Below are the records; repeat exactly their lines between the line holding "Former Borsig AG plant in Berlin (Germany)" and the line holding "Lurch Green Power Juicer with one auger", inclusive, skipping the pictures.

▶ _EXTRACTED MATERIAL_:
== Segment start ==
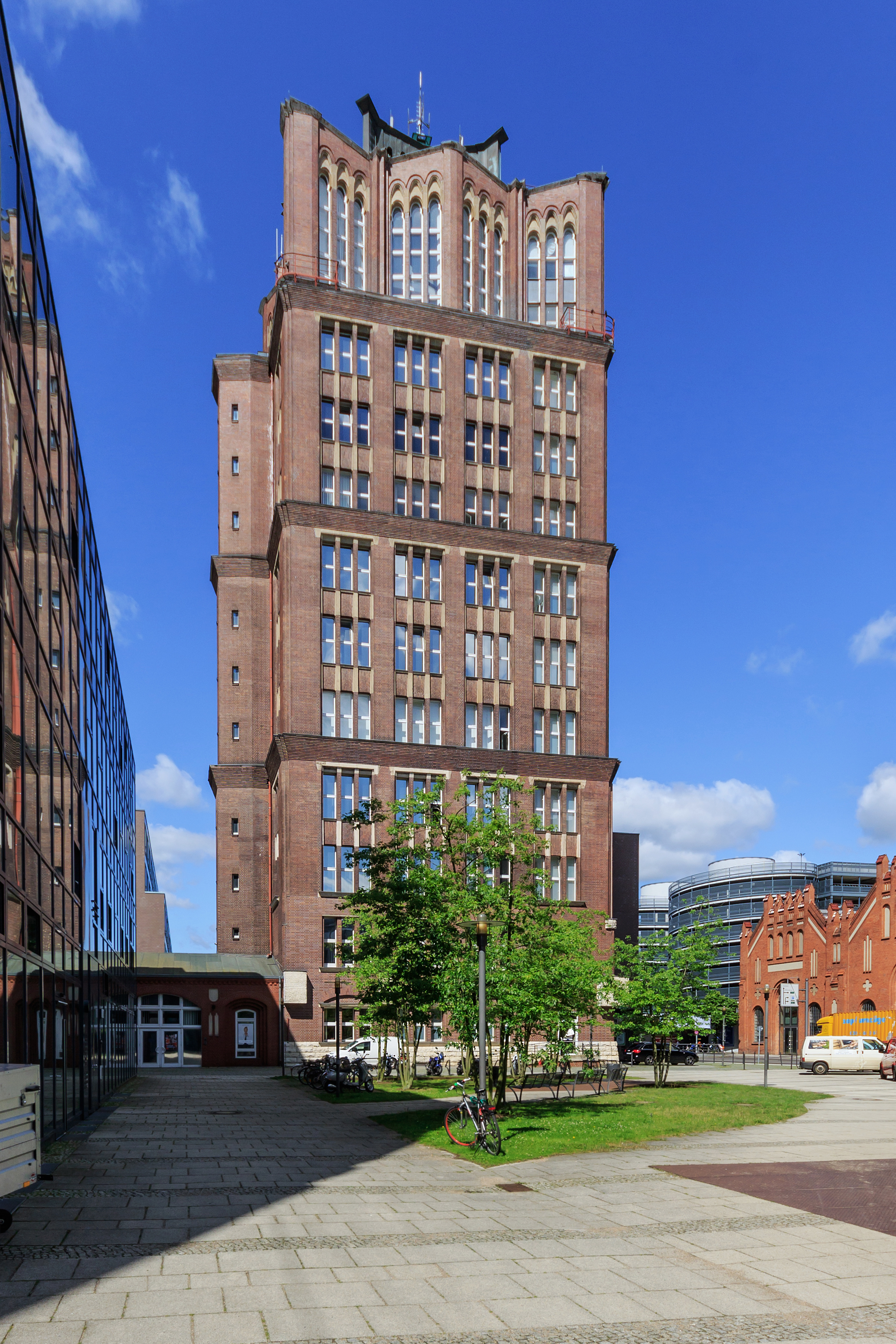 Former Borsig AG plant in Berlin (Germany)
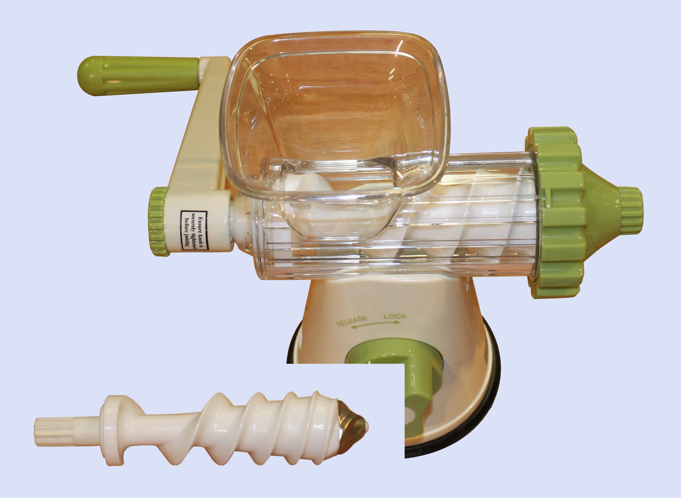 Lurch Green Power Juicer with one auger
== Segment end ==
== Segment start ==
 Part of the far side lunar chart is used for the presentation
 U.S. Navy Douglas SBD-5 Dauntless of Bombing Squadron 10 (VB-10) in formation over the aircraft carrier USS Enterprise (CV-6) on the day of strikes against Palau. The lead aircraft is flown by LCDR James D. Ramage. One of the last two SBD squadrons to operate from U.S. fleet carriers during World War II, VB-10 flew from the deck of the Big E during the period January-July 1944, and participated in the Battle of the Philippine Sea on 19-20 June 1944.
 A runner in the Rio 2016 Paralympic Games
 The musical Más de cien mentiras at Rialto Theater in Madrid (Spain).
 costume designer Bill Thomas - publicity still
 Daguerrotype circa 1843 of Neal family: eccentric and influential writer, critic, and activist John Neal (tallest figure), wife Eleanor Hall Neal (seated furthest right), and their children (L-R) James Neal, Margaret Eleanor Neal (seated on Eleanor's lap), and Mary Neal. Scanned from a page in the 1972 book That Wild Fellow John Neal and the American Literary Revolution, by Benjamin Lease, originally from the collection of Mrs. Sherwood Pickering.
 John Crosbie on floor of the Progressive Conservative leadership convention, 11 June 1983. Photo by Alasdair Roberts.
== Segment end ==
▶ _EXPECTED ANSWER_:
 Former Borsig AG plant in Berlin (Germany)
 Lurch Green Power Juicer with one auger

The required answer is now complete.